There is a natural conversion between types, namely that cancellable tasks are a bit like a failure and vice versa. Callers that are uninterested in distinguishing between a task that was cancelled and one that failed ought to be able to interchange these, as to write one branch for success and the other for not-success without having to think in detail about all the reasons the task may no longer be running.

This seems fine (supported), you do want to ensure to not call start() twice though as that’d resume twice which is bad™. Other than that such patterns are fine.

Thank you @ktoso! And what about cancellation checking?

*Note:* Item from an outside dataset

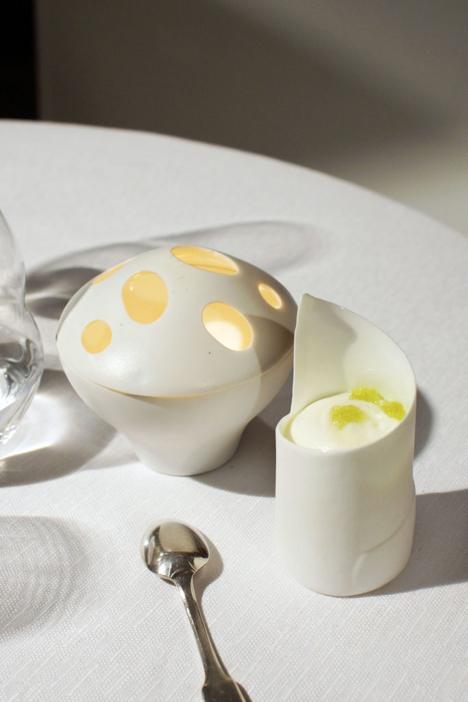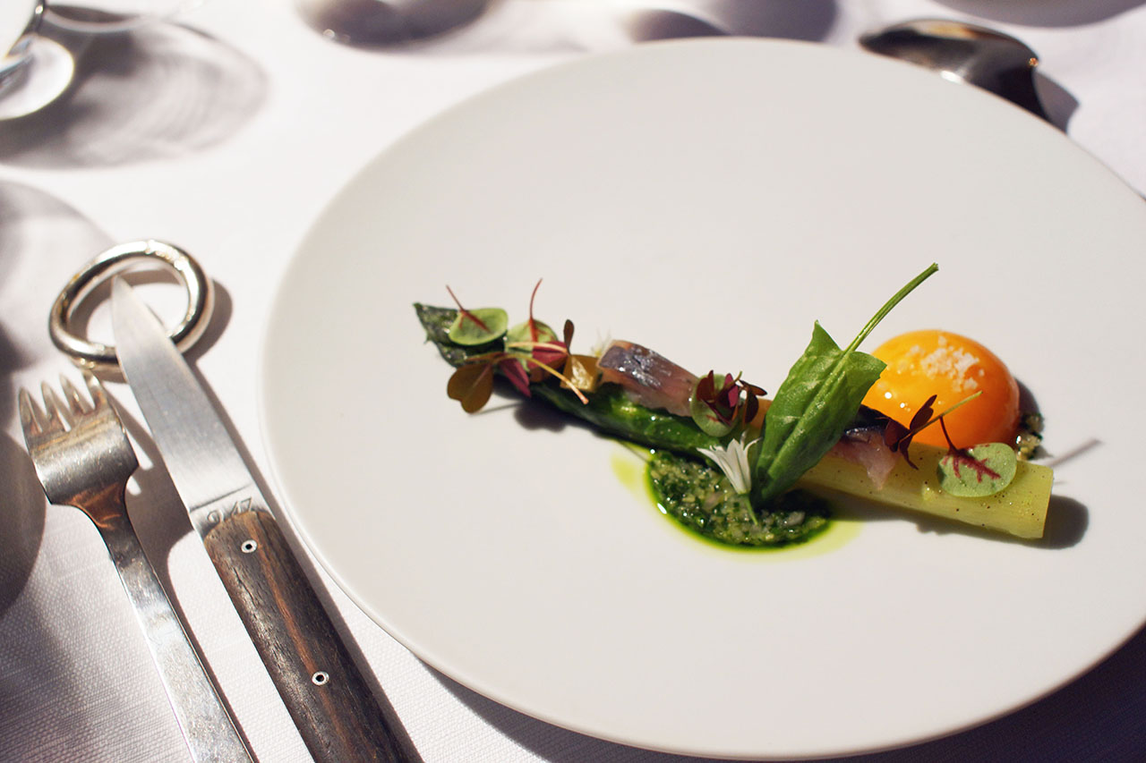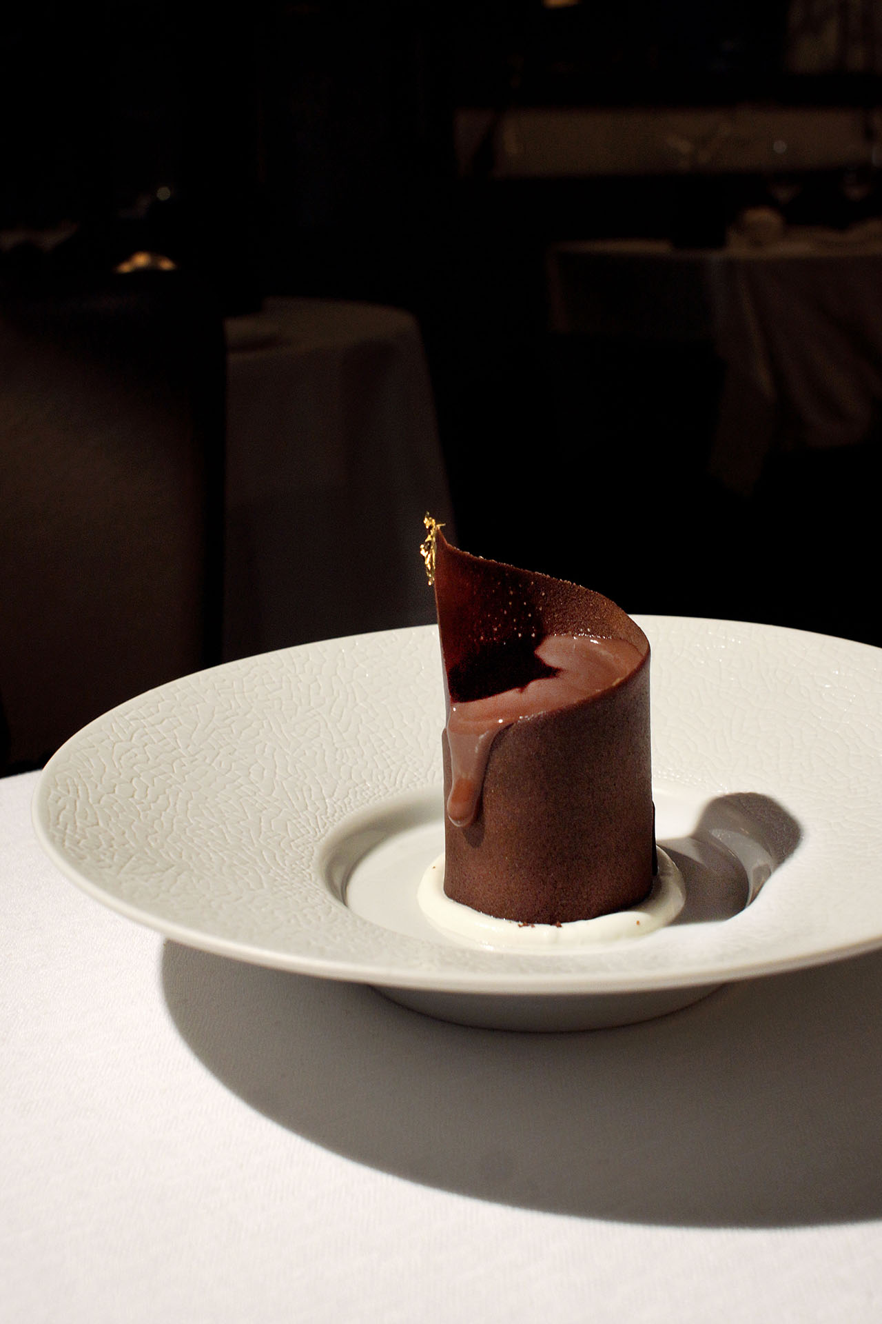 De l’autre côté de la salle, Yoshitaka Takayanagi aime cuisiner en musique, musique classique pour être exact. C’est drôle comme certains détails se ressentent dans l’assiette, le chef nippon de 37 ans passé par le Grand Véfour signe des plats tout en justesse, des compositions rythmées par l’expérience des saveurs, l’expérience des saveurs simplement justes ; quand la finesse japonaise rencontre la gastronomie française. Ce soir là, se suivent burrata, asperge, thon rouge et grenouilles pour le salé, aloe vera et chocolat grand cru pour le sucré, dans une composition très rigoureuse, accompagnée des accords viniques irréprochables du sommelier Gabriel Guinnebault.

To be honest I find it a bit weird to want this specific API have anything to do with cancellation — it is for contexts which are not within the task infrastructure so by itself it can’t do anything about that.

In [Pitch #2] Structured Concurrency - #116 by ktoso I propose additions or reshaping of the Task APIs such that one would be able to get a Task object, and if one wanted to one could then check it from wherever — including implementations using *Continuations. That’s about as much as we can achieve I think.

3 Likes

@ktoso, do we have to expect developers to wrap many existing asynchronous APIs that support cancellation, such as completion blocks, Combine publishers, other reactive tools, DispatchQueue/thread/mutex/lock-based APIs, etc? Maybe those APIs will eventually be migrated to Swift's async model. But some will not. And this eventual migration will take time.

Meanwhile, do we really want to ignore cancellation?